Depending on charities even for something basic such as education is a sad state of affairs for the Muslim community, Babu Khan acknowledges but maintains that the answer to all the problems of the community remains in ‘education’. And, counting on his experience from the field for over two dozen years, he claims this fact is now understood even at the grass root level. “The community has become very conscious at the lowest level, even in a small village, that they must educate their child … this is the only answer.”

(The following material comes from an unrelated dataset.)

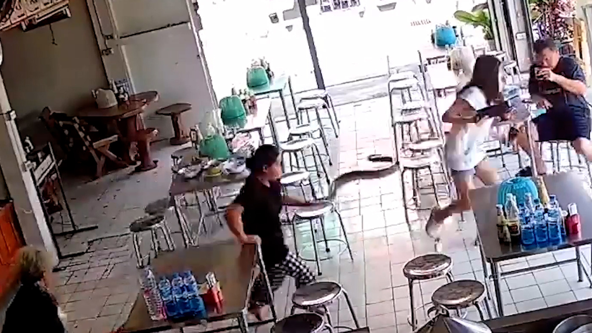 Con trăn bỗng dưng xuất hiện, bò rất nhanh vào một nhà hàng ở Bangkok, Thái Lan khiến các thực khách hoảng loạn chạy trốn.

For instance, his Trust has 3,800 widows with 6,600 orphans under the orphan care project. Almost all those orphan children are studying in government schools. “Can you believe it? A widow, who doesn’t have proper food to eat, is sending her children to school. That shows there is now awareness for education.”
As his clients were waiting outside to meet him, the obvious question was, how long will he keep sailing on two boats? “This (HZCT) is more enjoyable than doing business,” pat came his one liner. “In business you work for prospective profit. In this field, there is an assured profit from Allah, as simple as that, this work is more satisfying for me.”
After such a long fruitful journey, ask him about future plans, Babu Khan humbly plays it down: “I have tried to create an asset for the community, let the future generation decide what they want to do with it.”